When is an offer to buy out a minority shareholder reasonable?


Posted by Justin Weare, 13th June 2019
Blake Morgan acted in the recent Court of Appeal case of Potamianos.  In its judgment, the Court of Appeal provided guidance as to the circumstances in which, in the context of an unfair prejudice petition brought by a minority shareholder pursuant to s.994 of the Companies Act 2006, an offer (that was not accepted) to buy that minority shareholder’s shares in the company was “reasonable” such as to deny that shareholder any remedy on the basis he should instead have taken up the offer.

Potamianos v Prescott & ANR [2019] EWCA Civ 932 – Court of Appeal guidance on reasonable offers in unfair prejudice petitions.

The Court has a broad jurisdiction to assist a shareholder whose interests as a shareholder have been unfairly prejudiced by the manner in which the affairs of the company are being conducted: “it may make such order as it thinks fit” (s.996(1) of the Companies Act 2006).  The most common order made when “unfair prejudice” is established is for the shares of the prejudiced shareholder – usually a minority shareholder, whose lack of voting power leaves them without power to effect decisions – to be bought at a fair price to be determined by the Court.

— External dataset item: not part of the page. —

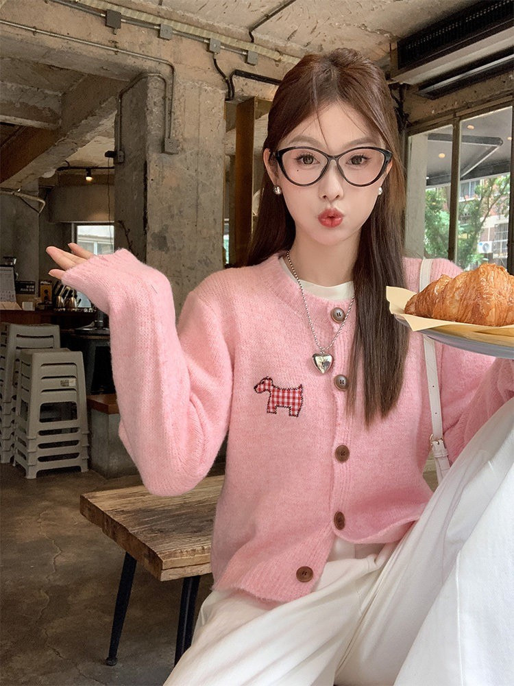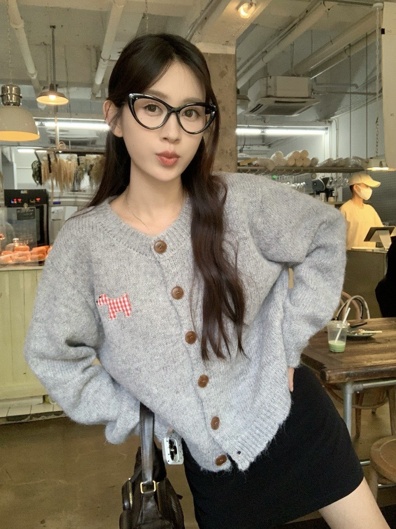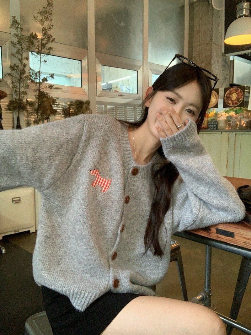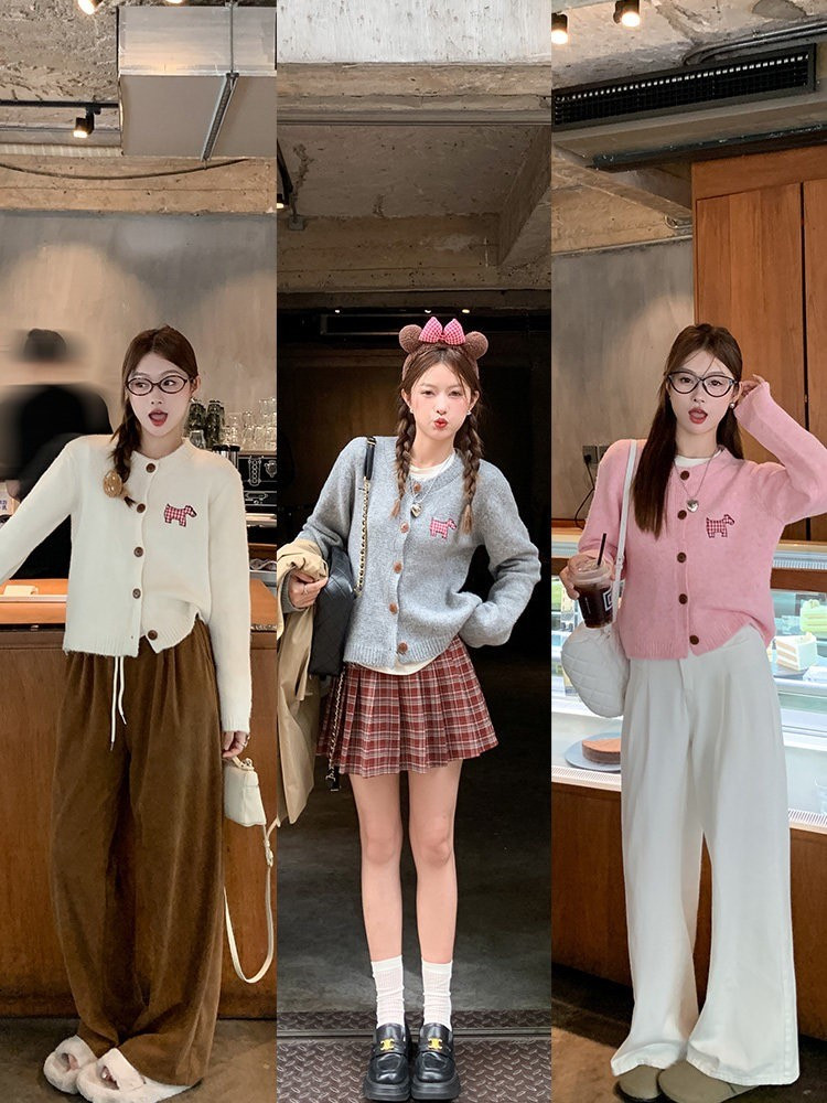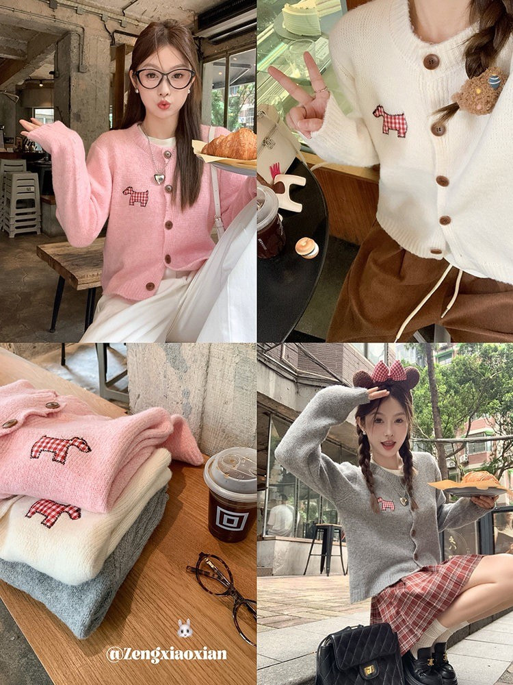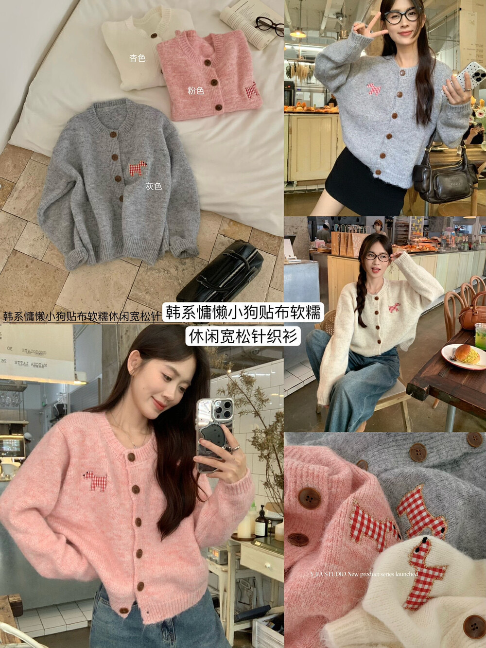 【可爱小狗毛衣开衫】永不过时的经典灰色,把“高级"气质拿捏!三色可穿!浅浅的期待一下秋天,软糯糯的安哥拉纤绒纱线,不易粘毛不易起球且超好打理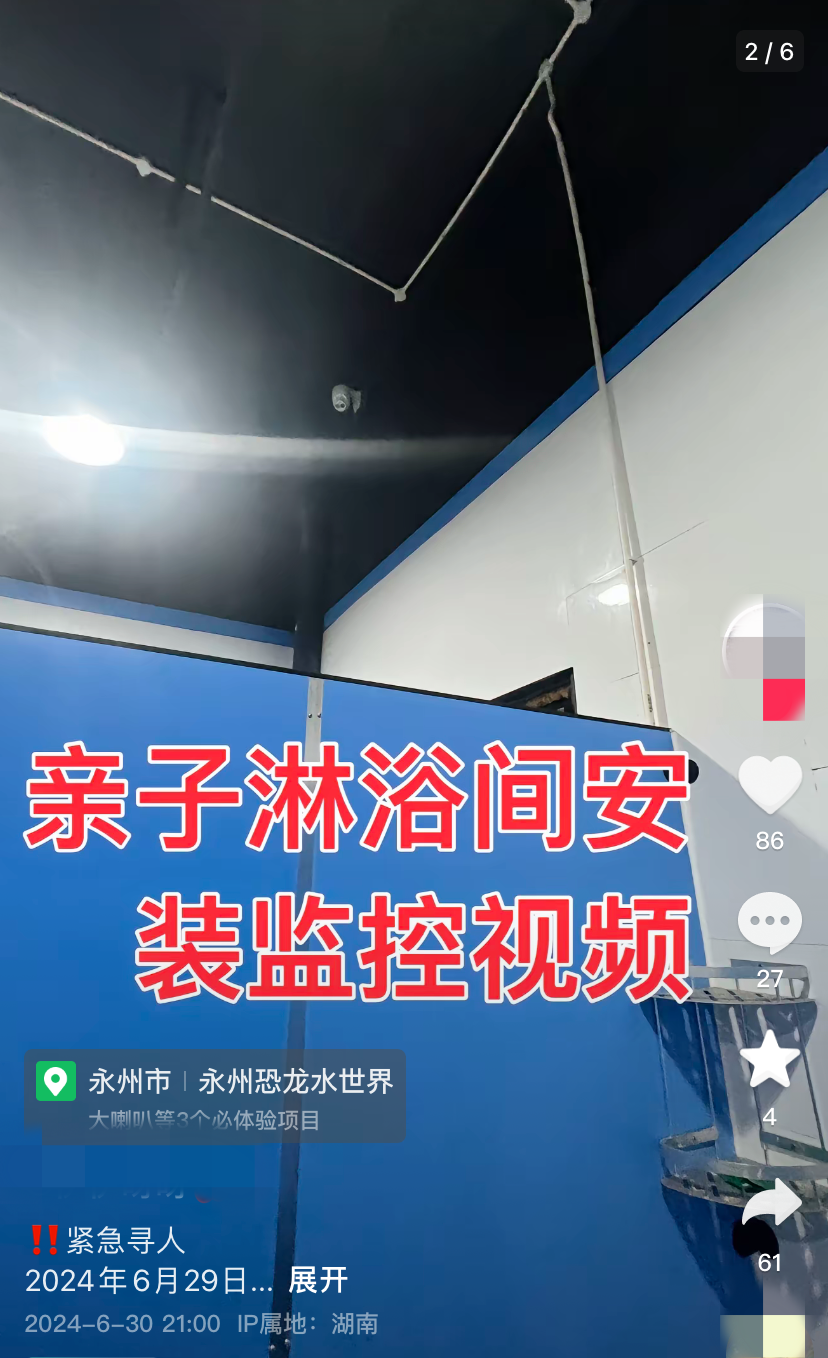 近日,有网友发视频称,在湖南永州恐龙水世界亲子沐浴区内,一位母亲带5岁男孩洗浴更衣后,发现该沐浴间内安装了摄像头。7月1日,该景区工作人员表示,该亲子淋浴间专供成年女士带男童使用,装摄像头是为了保护未成年人。

It is a prerequisite for the grant of any remedy under s. 996(1) of the Companies Act 2006 that the shareholder was “unfairly prejudiced“.  It is well established that a reasonable offer to buy that shareholder’s shares at a fair value serves to ‘cure’ otherwise unfairly prejudicial conduct so as to leave the shareholder without a legal remedy (see, for example, O’Neill v Phillips [1999] 1 WLR 1092, at page 1107 per Lord Hoffmann).

In Potamianos, Lord Justice McCombe, Lord Justice Leggatt, and Lady Justice Rose stated (at paragraph 130 of their judgment) that there is “no one feature of an offer which will automatically make it either a reasonable or an unreasonable offer for this purpose“.  They went on to set out a non-exhaustive list of factors that will be relevant in most cases to the question whether or not an offer was reasonable:

  1. The price offered, or means of calculating that price, will be important. An offer to buy the minority shareholder’s shares at a fixed price will not necessarily be an unfair value, but the offer must be fair to both parties.  An important factor as to the reasonableness or unreasonableness of an offer is therefore the ability of the prejudiced shareholder to be able to satisfy himself that the figure offered is a reasonable one, and to be able to do so before he has to decide whether to accept or reject the offer.  The Court of Appeal cited the example that a fixed price offer will rarely be fair if the prejudiced shareholder (or his advisers) are not given access to company documents needed to understand how the price was arrived at and whether that valuation is reasonable.
  1. The likelihood of the majority shareholder being able to implement the offer made. An offer is not only reasonable if it becomes binding immediately upon acceptance.  But, the question of how likely it appeared at the time that the majority shareholder would go through with the offer may be relevant to the reasonableness of an offer.  To illustrate this, the Court of Appeal noted a previous case in which an offer expressed to be “subject to affordability” was not reasonable in the circumstances (Re Flex Associates Ltd [2009] EWHC 2690 (Ch)).
  1. The proximity of the offer to the unfairly prejudicial conduct complained of. It is not the case that an offer made before prejudicial conduct takes place can never amount to a reasonable offer, but the timing of an offer may be significant.  The Court of Appeal gave the example of a wrongful exclusion from management of the company and whether at the time the offer was made all that the prejudiced shareholder could reasonably expect was that he would be bought out, so as to enable he and his former business partners to go their separate ways.  Or, if the offer was made before the relationship had broken down the prejudiced shareholder may act reasonably in refusing the offer: he may have a legitimate hope that the relationship can be patched up.  The fact that, with hindsight, the relationship did break down irretrievably does not mean that an offer made before this became apparent should have been accepted.

On the facts of Potamianos, the Court of Appeal held that none of the offers relied on by the majority shareholder, Mr. Prescott, rendered fair Dr. Potamianos’ exclusion from the company and that Dr. Potamianos was entitled to an order that his shares be bought at a fair price, such price to be determined by the Court at a subsequent trial.

Blake Morgan LLP represented Dr. Potamianos.